The six-ton defunct Upper Atmosphere Research Satellite will plunge to Earth sometime on Friday afternoon EDT, and the U.S. wil be spared any debris, NASA said in its latest update.
The space agency said it has projected that the satellite will not be passing over North America during that time period.
Though the U.S. has been excluded from the re-entry zone, NASA says it is still too early to predict the time and location of re-entry with any more certainty, but predictions will become more refined in the next 24 to 48 hours.
According to a computer analysis of satellite re-entry survivability for UARS components, about 150 component types, including the parent body of the satellite, will disintegrate during re-entry, but 12 types would endure the fiery fall to Earth.
The risk to public safety or property is extremely small, and safety is NASA's top priority, NASA had said in a Re-entry Overview Release two weeks ago. Since the beginning of the Space Age in the late 1950s, there have been no confirmed reports of an injury resulting from re-entering space objects. Nor is there a record of significant property damage resulting from a satellite re-entry.

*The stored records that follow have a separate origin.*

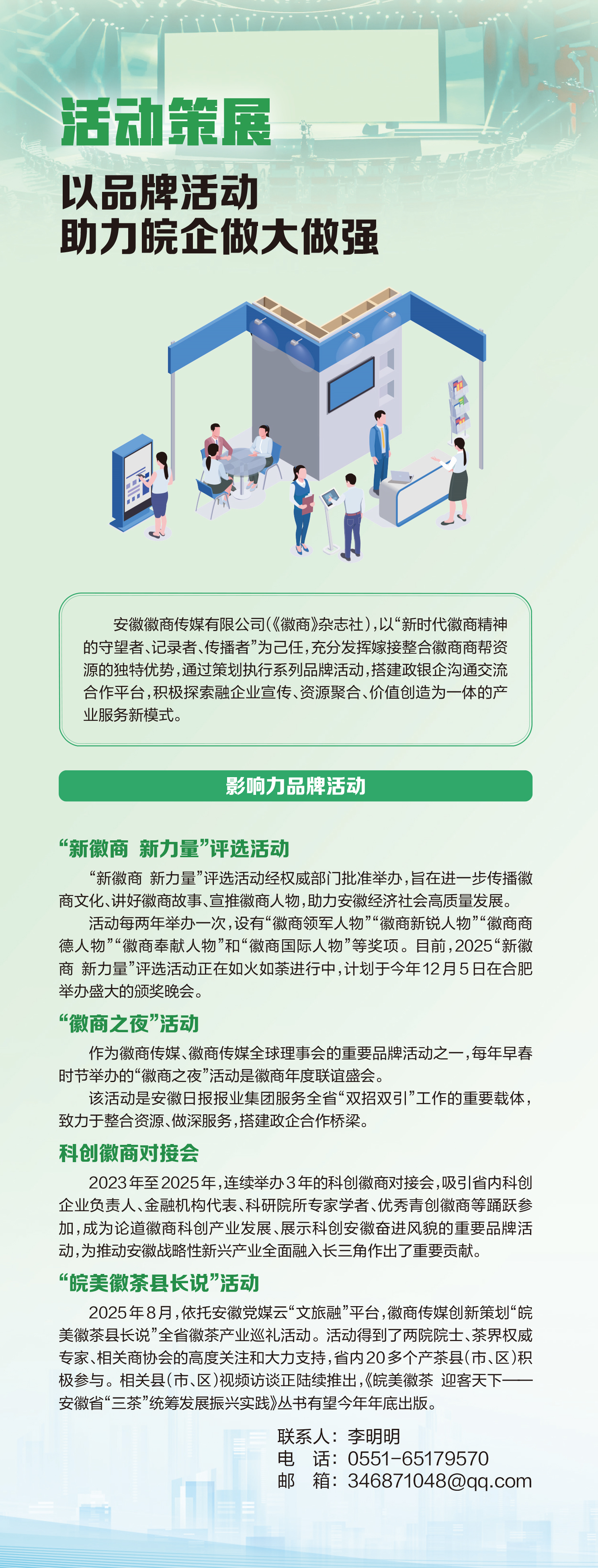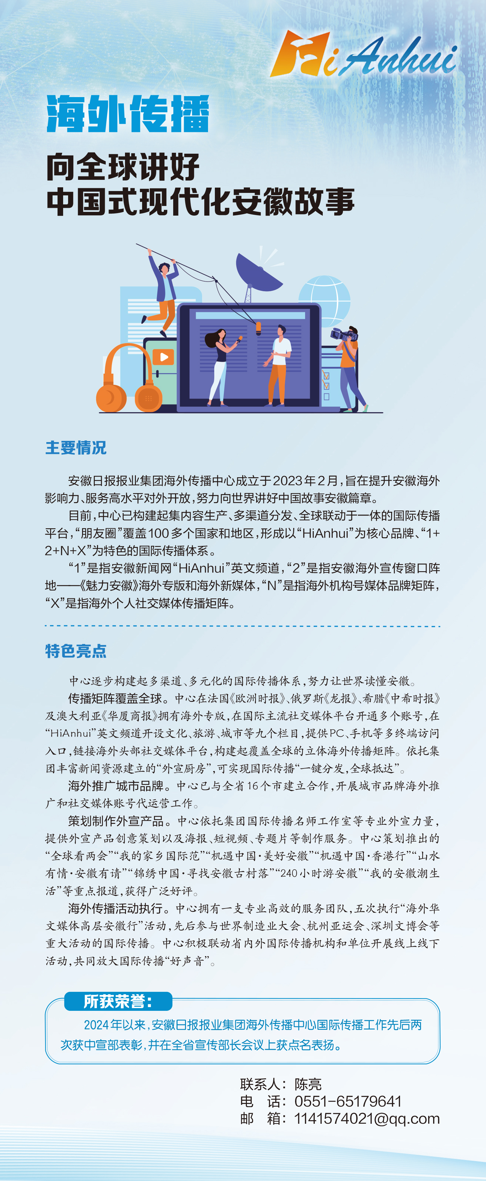 此次发布的“双招双引”项目包括广告位招商、品牌授权及文创产品开发、技术应用合作开发、新媒体新业态合作开发、地产合作开发和租赁运营、人才柔性引进、活动共办协办、教育培训合作、海外传播合作9大类,力求以平台思维集聚优质资源,以用户思维打造数智服务,以融合思维发展新型业态。招商引资项目中,既有“强省品牌计划”“安徽时评”“江淮观察”“安徽党媒云”“小叶医探”等新媒体品牌的运营合作,又有生成式人工智能创新应用、微短剧创作运营、“徽商甄选”直播带货等新型文化业态合作。招才引智项目聚焦急需紧缺人才,面向全社会选聘集团投资运营与产业发展咨询委员会外部委员、名师工作室导师、人工智能训练师以及安徽日报教育培训中心总经理等。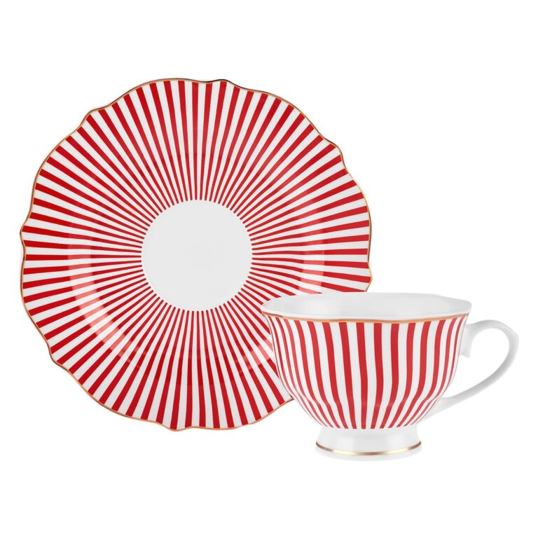 Karaca New Romantic Ince Çizgili Çay Fincanı 220 ml Kırmızı
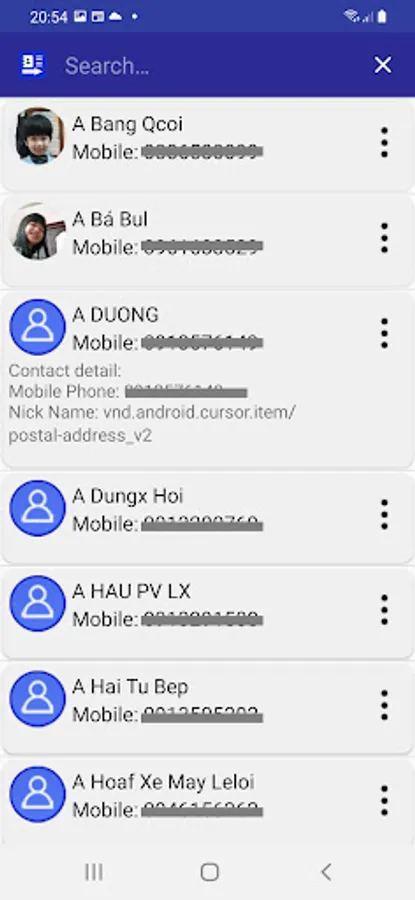 The App also supports search view function when listing contacts, after a search you can see the total number of items in contacts by click on any item.

NASA also asked the public to contact a local law enforcement official for assistance, if you find something you think may be a piece of UARS, do not touch it.
UARS was launched Sept. 12, 1991, aboard space shuttle Discovery's mission STS-48 and deployed on Sept. 15, 1991. It was the first multi-instrument satellite to observe numerous chemical components of the atmosphere for better understanding of photochemistry.
UARS data marked the beginning of many long-term records for key chemicals in the atmosphere. The satellite also provided key data on the amount of light that comes from the sun at ultraviolet and visible wavelengths. UARS ceased its productive scientific life in 2005.
UARS' orbit is restricted to between 57 degrees north latitude and 57 degrees south, spanning between northern Canada and the tip of South America.
NASA and its partners at the U.S. Strategic Command will issue updates, 24-hours before the re-entry, then at T-minus-12 hours, T-minus-6 hours and T-minus-2 hours, even though the experts won't be in a position to predict exactly where the debris will fall.